Audio analysis of the whales’ vocalizations provided further evidence that the whales off the Israeli coast are part of the wider regional population, as their vocalizations matched the “Mediterranean dialect.” Researchers emphasized the need for targeted protection at key locations, given the numerous threats marine life in the Mediterranean faces, including fishing, pollution, noise, and boat strikes. Dr. Kirsten Thompson from the Greenpeace Research Laboratories at the University of Exeter highlighted the dangers faced by whales passing through narrow straits, such as the Sicily Channel or the Strait of Messina, which are busy, noisy, and potentially dangerous for deep-diving species like sperm whales.

The whale in question, known as Kim, Elia, or Onda by researchers in different regions, was likely traveling with other young males, who typically leave their birth group at this stage of their lives. The researchers suggested the installation of listening devices at these narrow, shallow seas to create an alert system and prevent ship strikes, given the high human population and industrial development in the Mediterranean. Dr. Thompson warned against further hydrocarbon extraction, stating that it not only violated EU environmental protection legislation but also threatened the already struggling wildlife in the region.

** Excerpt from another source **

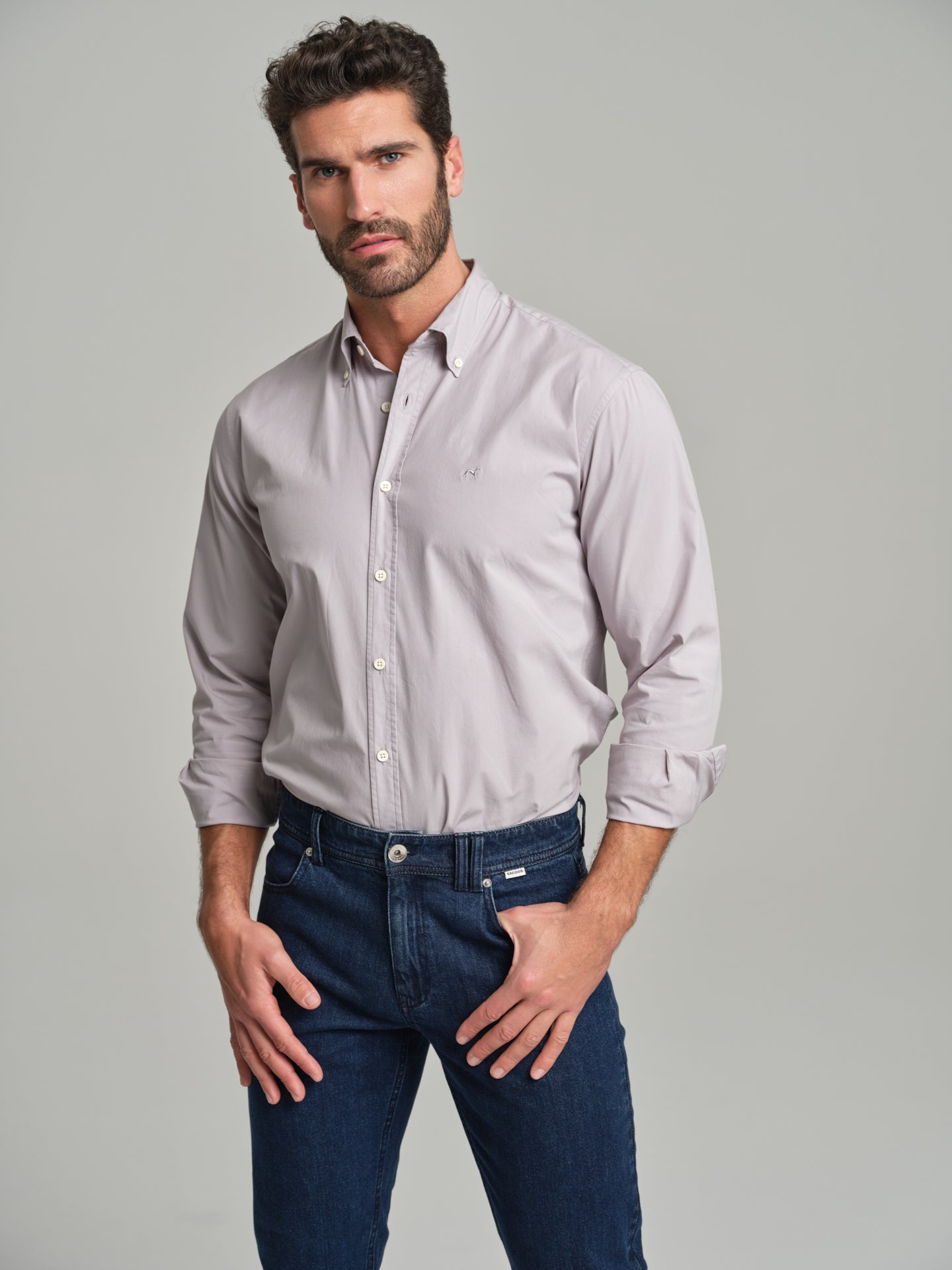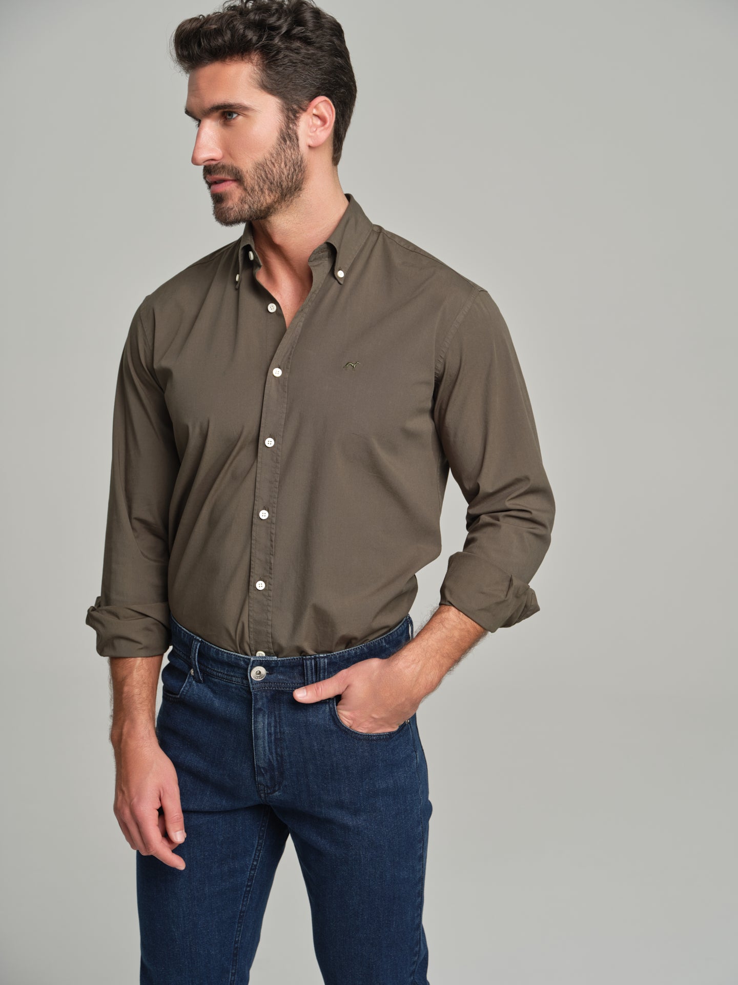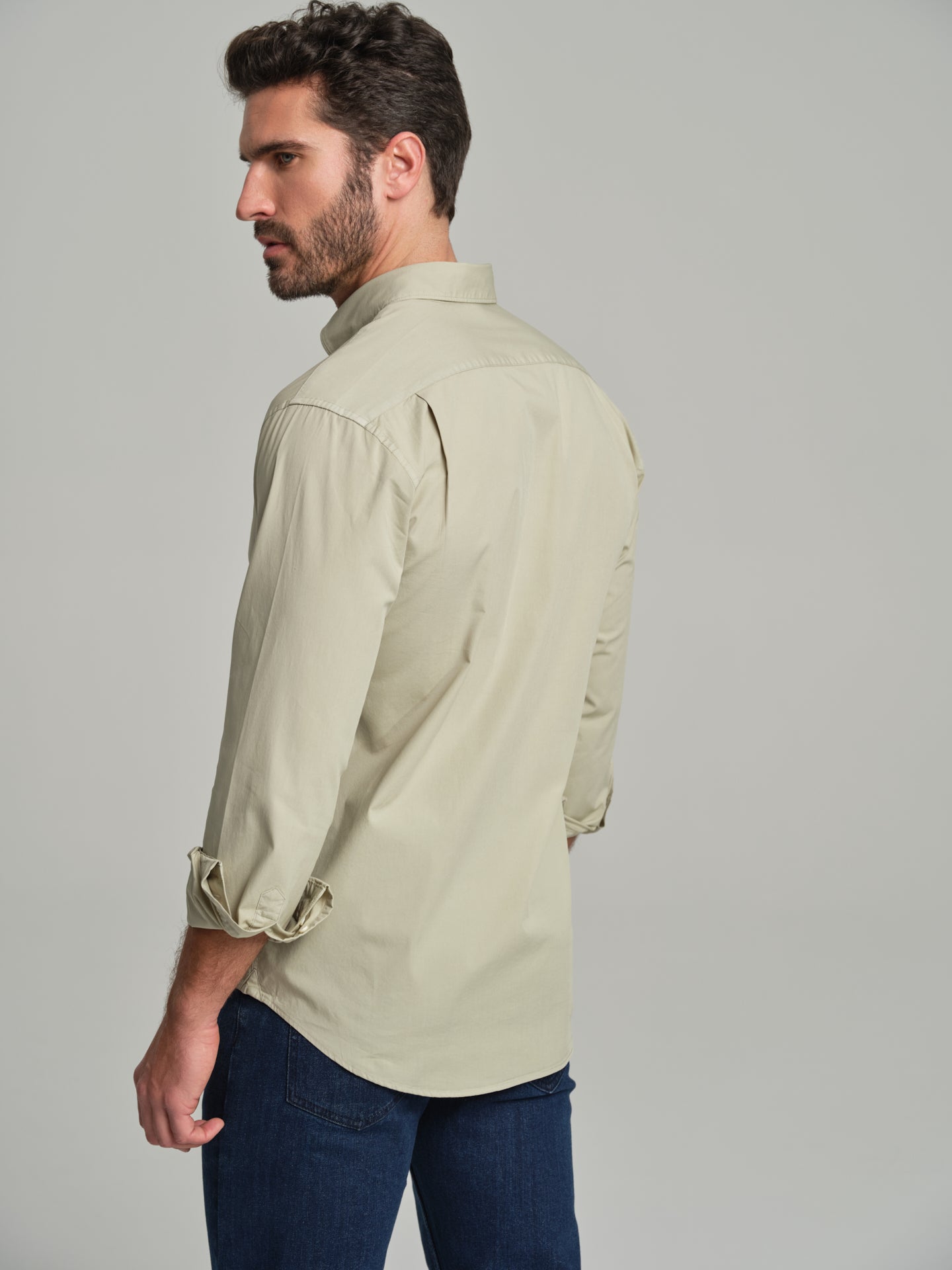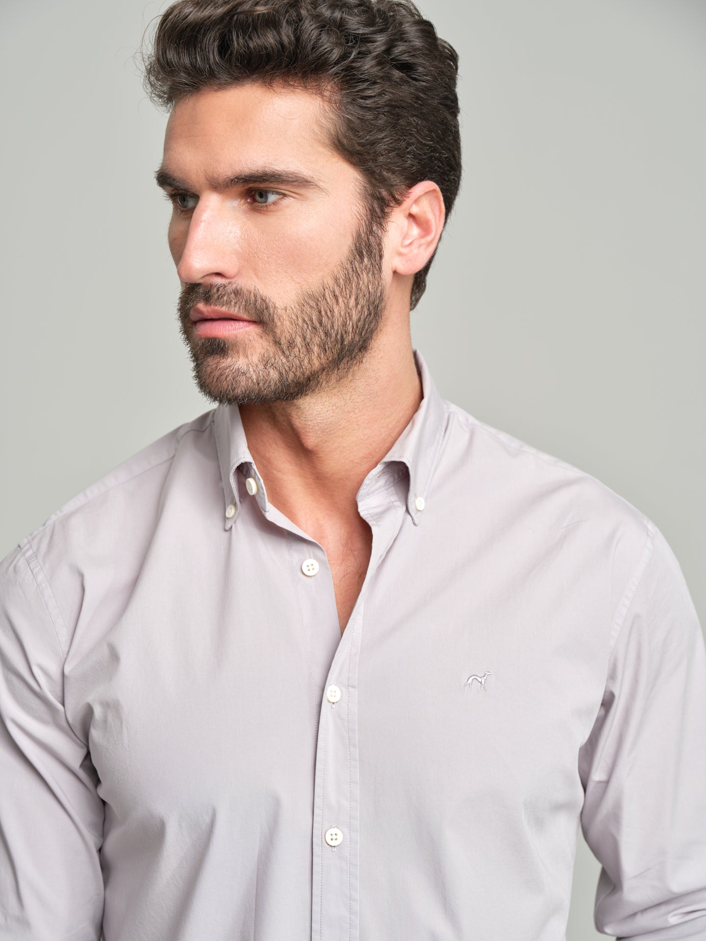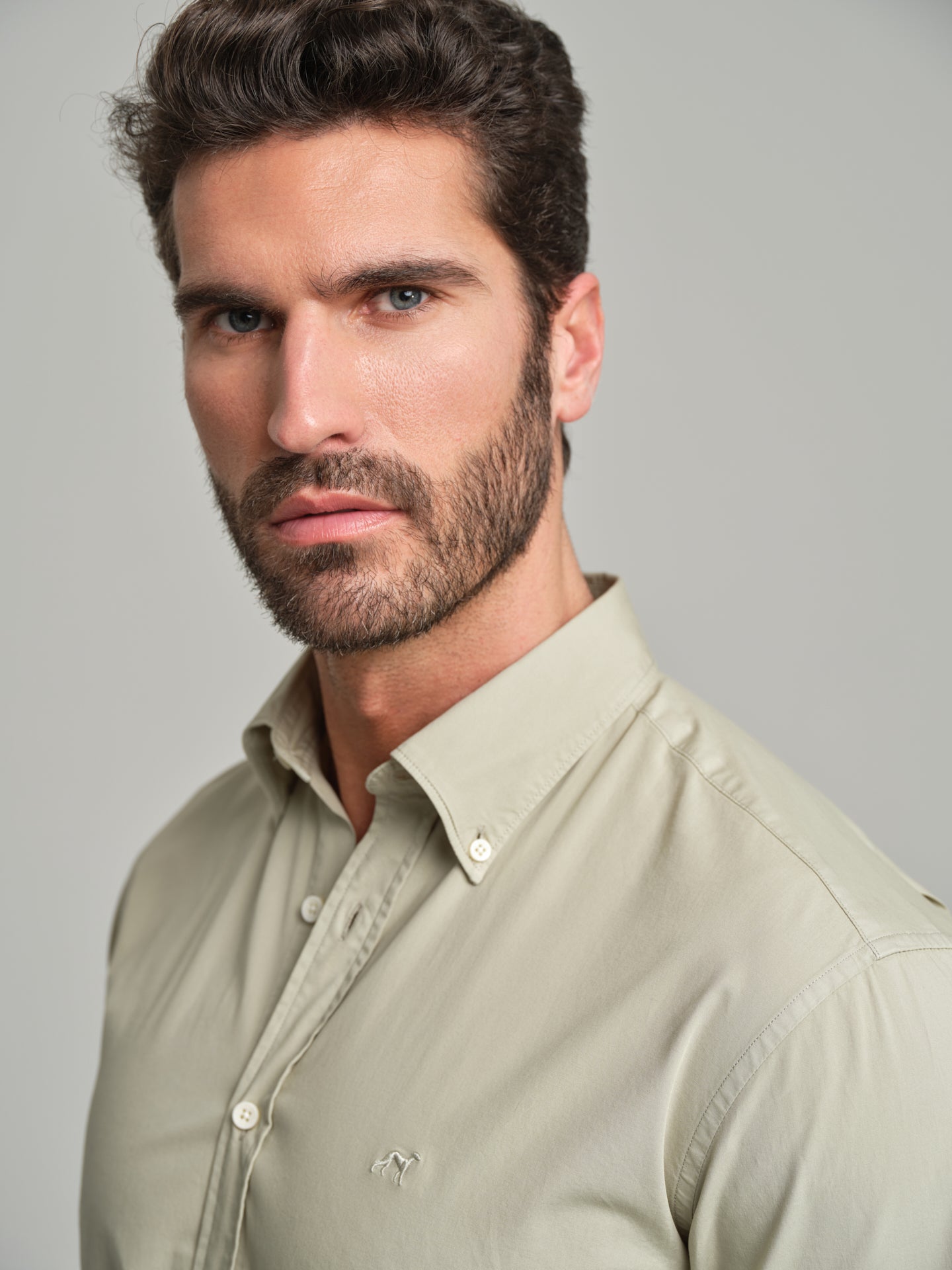 Sport garment dye shirt in plain poplin. Fabric made of 100% cotton. Featuring a button-down collar and front button-up fastening. Long sleeves with single cuffs with 2 buttons. Chest logo embroidery. Details such as last front button in contrast color and inside yoke in contrast pattern.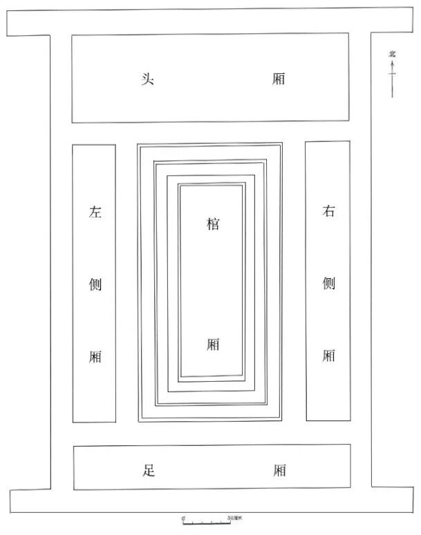 马王堆汉墓平面呈甲字型,墓道北向,其中一号墓墓坑内设有二层台,二号墓靠近棺椁处两侧墓道均有壁龛并放置偶人。马王堆汉墓采用了楚制棺椁,一号墓为一椁四棺,二号墓为两椁两棺,三号墓为一椁三棺;椁与棺之间构成封闭系统,有多处边厢。[16]这种棺椁制度与战国时期楚国墓制极为类似,是典型的间切椁模式:棺厢设置在椁中央,其四周设置四个对称的边厢来埋放随葬品,构成中心对称排列的平面布局。[17]这体现出了典型的楚地墓制风格,这应当与利苍家族均来自于楚地,受南方文化熏陶有关。比对海昏侯墓与马王堆墓的棺椁制度,可以发现两者虽同为列侯级别的墓葬,但形制差异较大,或许与墓主人生活环境与人生经历有很大关系。

Despite the rich biodiversity in the Eastern Mediterranean, relatively little research has been done on whales and dolphins in the area. The study conducted visual-acoustic surveys in April and May 2022, which resulted in the detection of sperm whales, Cuvier’s beaked whales, bottlenose dolphins, and unidentified dolphins. The research was funded by Greenpeace International, underscoring the importance of conservation efforts and the need to raise awareness about the threats faced by marine animals in the Mediterranean. The researchers emphasized the urgent need for targeted protection measures in key locations to ensure the survival of these vulnerable species.